One-sided and two-sided tests in R
Many tests in R have the argument alternative
, which
allows you to choose the alternative hypothesis to be
two.sided
, greater
, or less
. If
you don’t specify this argument, it defaults to two.sided
.
So it turns out, in the exercise above, you did the right thing
with:
R
binom.test(9,100,p=0.04)
OUTPUT
Exact binomial test
data: 9 and 100
number of successes = 9, number of trials = 100, p-value = 0.01899
alternative hypothesis: true probability of success is not equal to 0.04
95 percent confidence interval:
0.0419836 0.1639823
sample estimates:
probability of success
0.09
A one-sided test would be:
R
binom.test(9,100, p=0.04, alternative="greater")
OUTPUT
Exact binomial test
data: 9 and 100
number of successes = 9, number of trials = 100, p-value = 0.01899
alternative hypothesis: true probability of success is greater than 0.04
95 percent confidence interval:
0.04775664 1.00000000
sample estimates:
probability of success
0.09
It’s a little bit confusing that both tests give a similar p-value here, which is again due to the distribution’s discreteness. Using different numbers will show how the p-value for the same observation is lower if you choose a one-sided test:
R
binom.test(27, 100, p=0.2)$p.value
OUTPUT
[1] 0.102745
R
binom.test(27, 100, p=0.2, alternative="greater")$p.value
OUTPUT
[1] 0.05583272
Challenge: one-sided test
In which of these cases would a one-sided test be OK?

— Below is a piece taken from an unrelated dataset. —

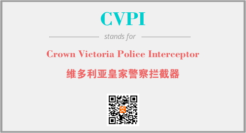上述内容是“Crown Victoria Police Interceptor”作为“CVPI”的缩写,解释为“维多利亚皇家警察拦截器”时的信息,以及英文缩略词CVPI所代表的英文单词,其对应的中文拼音、详细解释以及在英文中的流行度和相关分类、应用领域及应用示例等。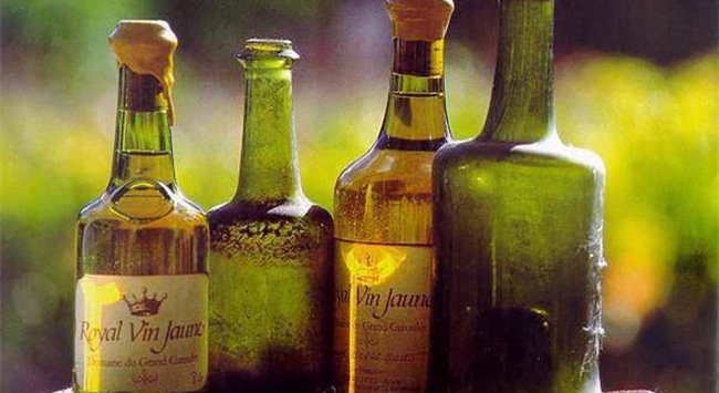 汝拉地區有生產一種特殊的葡萄酒,被稱為黃酒(Vin Jaune),在國際上的知名度很高,是汝拉人的驕傲。黃酒的瓶子叫 Clavelin 瓶,瓶身矮胖、結實、厚重,容量只有 620ml。黃酒以 100% 的薩瓦涅葡萄為原料,放入老勃艮第橡木桶中發酵并陳釀 6 年以上,期間不添桶。在木桶陳釀的過程中,酒液表面會產生一層酵母膜(Blanket/Voile),有點像雪利酒的酒花(Flor)。之所以是 620ml 的容量,據說這是因為黃酒在完成 6 年的陳釀之后,酒液縮減至 62%。

- The trial was conducted to find out whether the disease prevalence
is increased due to the precondition. In case of a significant outcome,
persons with the preconditions would be monitored more carefully by
their doctors.
- You want to find out whether new-born children already resemble their father. Study participants look at a photo of a baby, and two photos of adult men, one of which is the father. They have to guess which of them. The hypothesis is that new-borns resemble their fathers and the father is thus guessed >50% of the cases. There is no reason to believe that children resemble their fathers less than they resemble randomly chosen men.
- When looking at the data (only 1 out of 100), it becomes clear that the prevalence is certainly not increased by the precondition. It might even decrease the risk. We thus test for that.
In the first and second scenario, one-sided tests could be used. There are different opinions to how sparsely they should be used. For example, Whitlock and Schluter gave the second scenario as a potential use-case. They believe that a one-sided test should only be used if “the null hypothesis are inconceivable for any reason other than chance”. They would likely argue against using a one-sided test in the first scenario, because what if the disease prevalence is decreased due to the precondition? Wouldn’t we find this interesting as well?